AxKit itself is simple to install and configure; I leave you to the instructions at Axkit.org.

XSLT

XSLT or eXtensible Stylesheet Language Transformations, is "a language for transforming XML documents into other XML documents." XSLT stylesheets are, themselves, well-formed XML documents. The XSLT language is declarative or "transform by example" rather than the procedural processing of most scripting languages you might be used to. Whether you consider XSLT ugly or elegant, simple or confusing, it is powerful magic when you're used to it.

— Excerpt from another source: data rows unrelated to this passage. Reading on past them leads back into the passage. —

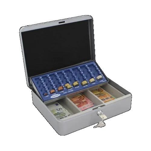 Praktična kasa Wien u boji srebra opremljena je stalkom za brojanje Euro kovanica i pretincem za Euro novčanice. Na vrhu se nalazi sklopiva ručka koja olakšava transport kase. Sigurnosna cilindrična brava se pouzdano zatvara i opremljena je s 2 ključa. Stalak za brojanje kovanica automatski se uvlači kada se poklopac otvori. Kasa za novac Wien dostupna je i u drugim bojama.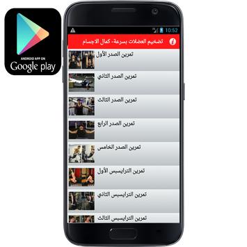 تمارين تضخيم العضلات بسرعة هو عبارة عن تطبيق عربي تجدون فيه برنامج تمارين كمال الاجسام متكامل لتمرين كل عضلات اجسم في أربعة أيام ، مع ذكر كل تمرين و شرح طريقة القيام بذلك التمرين و كذلك إضهار العضلات المستهدفة و ذلك لمساعدتك على تضخيم و تكبير العضلات في وقت قصير. :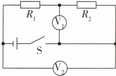 1 如图所示电路,电源电压不变,闭合开关S,电压表$V_1、$$V_2$示数之比为2:3。下列说法正确的是(

AxKit sports not one, but two XSLT modules -- the XML::XSLT Perl module and Ginger Alliance's speedy C++-based Sablotron Open Source XSLT Processor.

Example 1: XSLT

As XML input, I used the O'Reilly Network's RSS 1.0 reference feed. An RSS file describes a channel consisting of one or more <item>s describing a Web resource -- highlighted in red. The only change made to the raw feed is the addition of the <?xml-stylesheet...> element, telling AxKit to use one.xsl, an XSLT stylesheet, to transform the XML file.

one.xml

<?xml version="1.0" encoding="iso-8859-1"?>
<?xml-stylesheet href="one.xsl" type="text/xsl"?>

<rdf:RDF
  xmlns:rdf="http://www.w3.org/1999/02/22-rdf-syntax-ns#"
  xmlns:dc="http://purl.org/dc/elements/1.1/"
  xmlns="http://purl.org/rss/1.0/"
>

...

<item rdf:about="http://www.oreillynet.com/pub/a/p2p/2000/11/24/shirky1-whatisp2p.html">
 <title>What Is P2P ... And What Isn't</title>
 <link>http://www.oreillynet.com/pub/a/p2p/2000/11/24/shirky1-whatisp2p.html</link>
 <dc:description>
  Shirky sheds some light on what's distinctive, new, and useful about P2P.
 </dc:description>
 <dc:creator>Clay Shirky</dc:creator>
 <dc:subject>P2P, Distributed</dc:subject>
 <dc:type>Article</dc:type>
 <dc:language>en-us</dc:language>
 <dc:date>2000-11-24</dc:date>
 <dc:format>text/html</dc:format>
 <dc:rights>Copyright 2000, O'Reilly and Associates</dc:rights>
 <dc:publisher>O'Reilly and Associates</dc:publisher>
</item>

...

</rdf:RDF>

The XSLT stylesheet starts by wrapping the page in the usual <html> and <body> tags. Then, for each RSS <item>, it displays a hyperlinked title and associated description.

one.xsl
<?xml version="1.0"?>

<xsl:stylesheet 
 xmlns:xsl="http://www.w3.org/1999/XSL/Transform" 
  xmlns:rdf="http://www.w3.org/1999/02/22-rdf-syntax-ns#"
  xmlns:rss="http://purl.org/rss/1.0/"
  xmlns:dc="http://purl.org/dc/elements/1.1/"
version="1.0">

 <xsl:template match="/rdf:RDF">
  <html>
  <body>
   <xsl:apply-templates select="rss:item" />
  </body>
  </html>
 </xsl:template>

 <xsl:template match="rss:item">
  <p>
  <a>
  <xsl:attribute name="href"><xsl:value-of select="@rdf:about" /></xsl:attribute>
  <xsl:value-of select="rss:title" />
  </a>
  <br />
  <xsl:value-of select="dc:description" />
  </p>
 </xsl:template>

</xsl:stylesheet>

I point my browser at http://.../one.xml and retrieve a nicely rendered HTML page.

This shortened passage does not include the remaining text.